The House Financial Services Committee marked up and passed legislation designed to ensure credit unions have parity with FDIC-insured financial institutions in relation to escrow accounts.
The Credit Union Share Insurance Fund Parity Act, which was introduced on Wednesday by Reps. Ed Royce (R-Calif.), Ed Perlmutter (D-Colo.), Gary Miller (R-Calif.) and Brad Sherman (D-Calif.), would amend the Federal Credit Union Act to provide share insurance coverage to funds held in a member account by a nonmember.
Both the Credit Union National Association and National Association of Federal Credit Unions have voiced support for the measure.
“Consumers often do not distinguish between the government backing on accounts at financial institutions,” NAFCU Vice President of Legislative Affairs Brad Thaler said, according to Credit Union Times. “It is important that the law dictate that there is no difference in coverage, so as not to favor one type of institution over another in the marketplace.”
CUNA pointed to a 2008 letter from the National Credit Union Administration on insurance coverage on Interest on Lawyers’ Trust Accounts.

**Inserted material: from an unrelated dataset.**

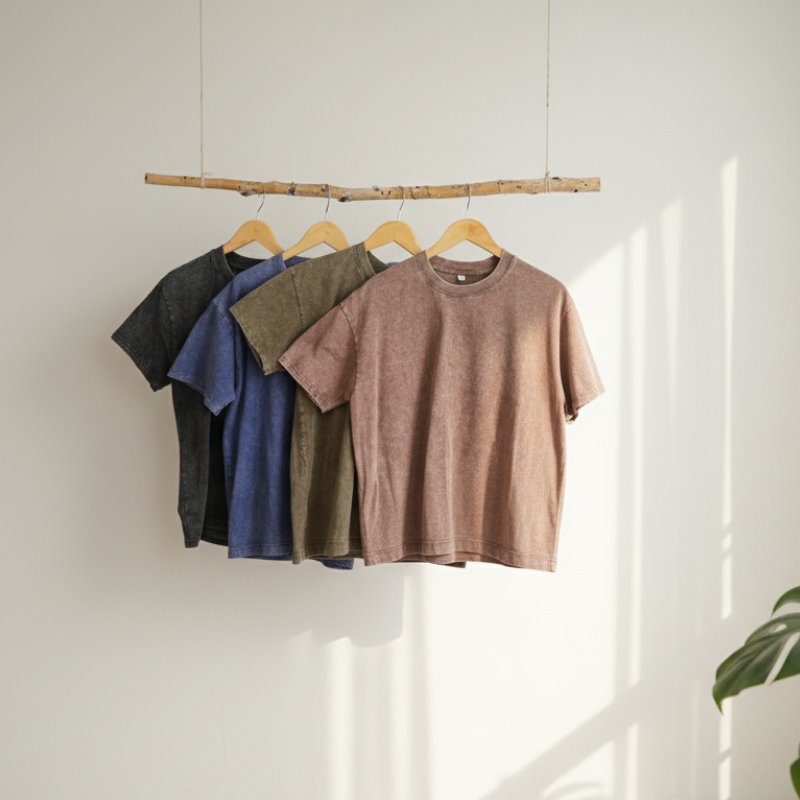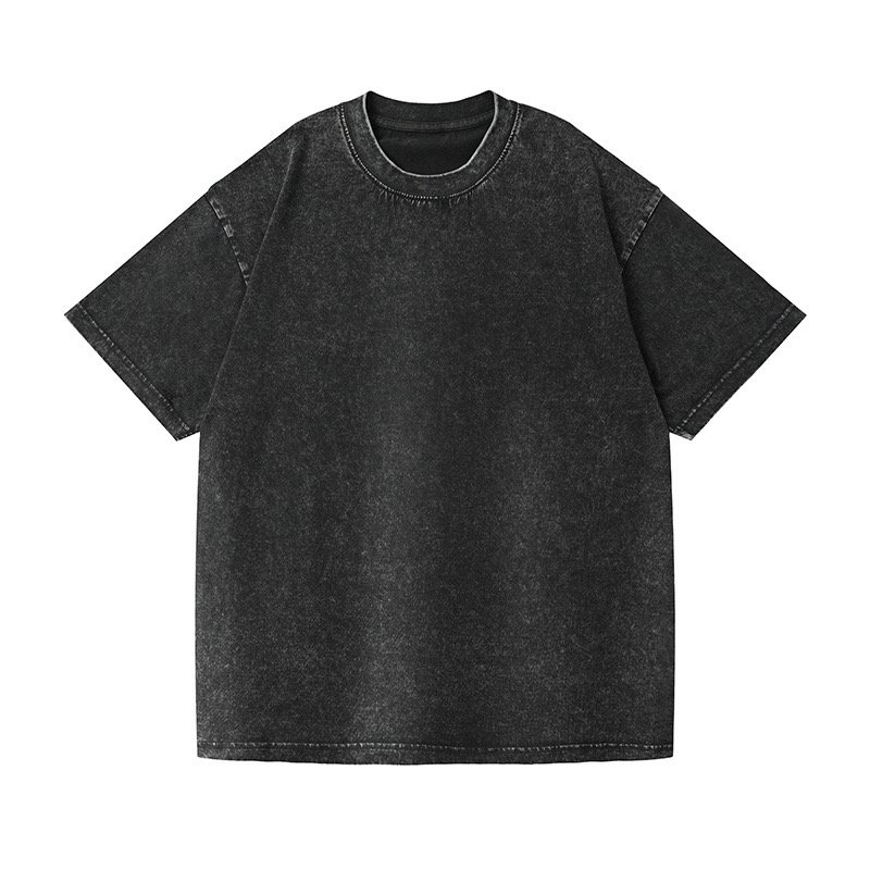 Men’s washed Waxed Dyeing Vintage Short-Sleeved Loose Fit Round Neck Basic Style

“The accounts are those set up by lawyers at a credit union or bank to hold funds for their clients,” CUNA said, Credit Union Times reports. “Often, the interest accrued is paid to the state or the state bar association to fund legal services. CUNA has noted that the situation puts credit unions at a disadvantage to attract this type of account if all the clients must be members, rather than just the attorney establishing the account. CUNA has discussed the issue both on the regulatory and legislative fronts.”